= Task brief =
Write out, exactly and in full, the line where "(Dow Jones), GBP/USD" appears together with all lines that follow it in the entries below. Do not include pictures.

═══ Records for processing ═══

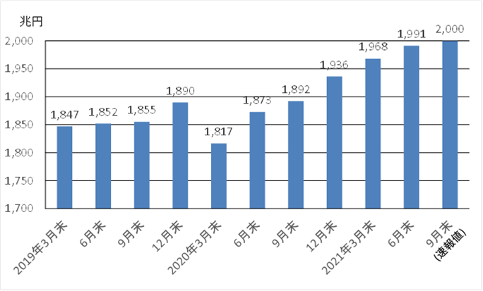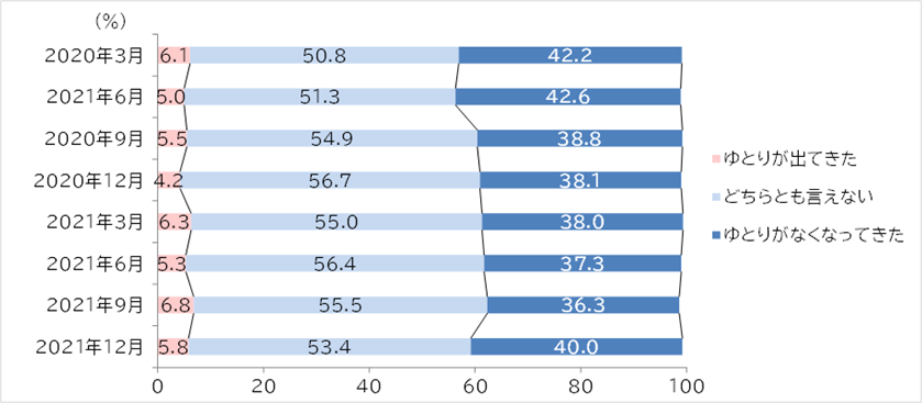 可処分所得は新型コロナの感染拡大が始まった2020年以降、前年の反動があった2021年4~6月を除くとプラスで推移しています。家計金融資産は2020年3月末を底に増加の一途をたどり、2021年9月末時点で2,000兆円に迫る勢いとなっています(図表4、5)。先行き不透明な景況感に貯蓄意識が高まるとともに、2020年10月~12月のGoToトラベルキャンペーンの実施期間は消費支出が伸びていたことから、外出や旅行に関わる消費が感染拡大で抑えられていると考えられ、感染状況が落ち着けば、今後の旅行消費に期待が高まります。一方で、暮らし向き(ゆとり)については2021年9月まで「ゆとりがなくなった」が減少傾向を示していたものの、12月に増加に転じており、今後の消費への影響が不安視されます(図表6)。
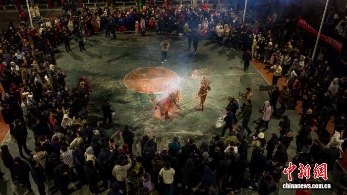中新网山东邹城2月5日电(沙见龙 宋文强)“开门放虎!”夜幕降临,随着广场灯光骤然熄灭,密集的锣鼓声响起。一名身负特制“火甲”的表演者踩上高跷,周身瞬间迸发出数千条金色火线,宛如猛虎现身。与之对峙的“打虎人”手持火捻哨棒,腾挪扑闪间,火星如瀑流泻,照亮夜空。
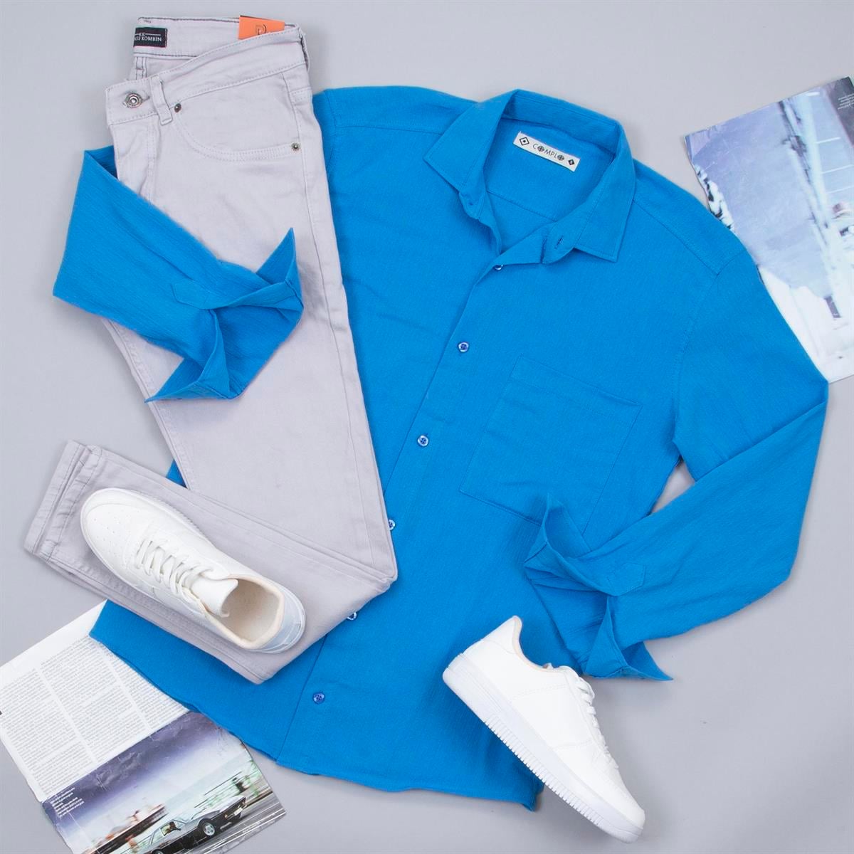 Mavi Spor Gömlek Pantolon Ayakkabı Kombin
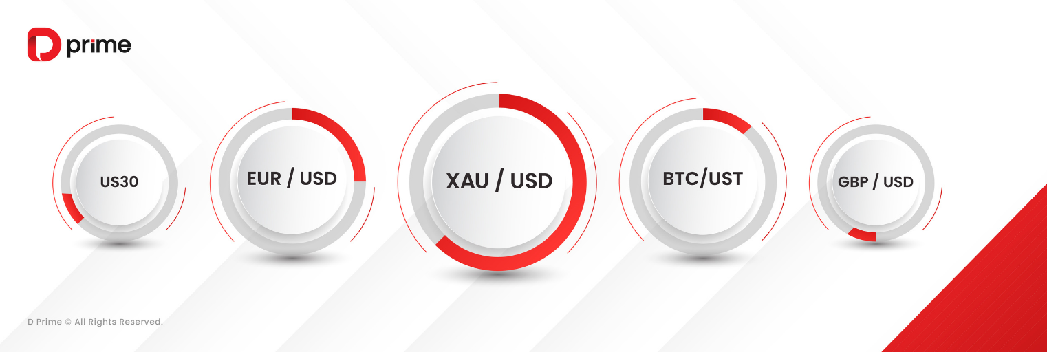 • Sản Phẩm Được Giao Dịch Nhiều Nhất: XAU/USD, EUR/USD, BTC/UST, US30 (Dow Jones), GBP/USD
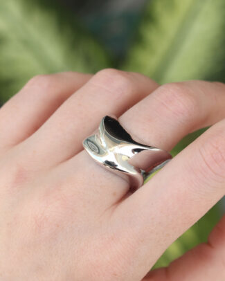 Pirinç Gümüş Renk Ayarlanabilir Tırtıklı Bombe Yüzük
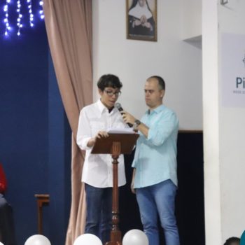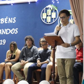 Na quarta-feira, dia 18 de dezembro, os alunos do 9º Ano do Ensino Fundamental – Anos Finais celebraram, como muita alegria, ao lado de seus familiares e equipe pedagógica, a passagem para mais um ciclo de estudos. Não faltaram homenagens, mensagens e recordações dos momentos importantes vividos nessa Instituição. Sucesso!

═══

= Written response =
 • Sản Phẩm Được Giao Dịch Nhiều Nhất: XAU/USD, EUR/USD, BTC/UST, US30 (Dow Jones), GBP/USD
 Pirinç Gümüş Renk Ayarlanabilir Tırtıklı Bombe Yüzük
 Na quarta-feira, dia 18 de dezembro, os alunos do 9º Ano do Ensino Fundamental – Anos Finais celebraram, como muita alegria, ao lado de seus familiares e equipe pedagógica, a passagem para mais um ciclo de estudos. Não faltaram homenagens, mensagens e recordações dos momentos importantes vividos nessa Instituição. Sucesso!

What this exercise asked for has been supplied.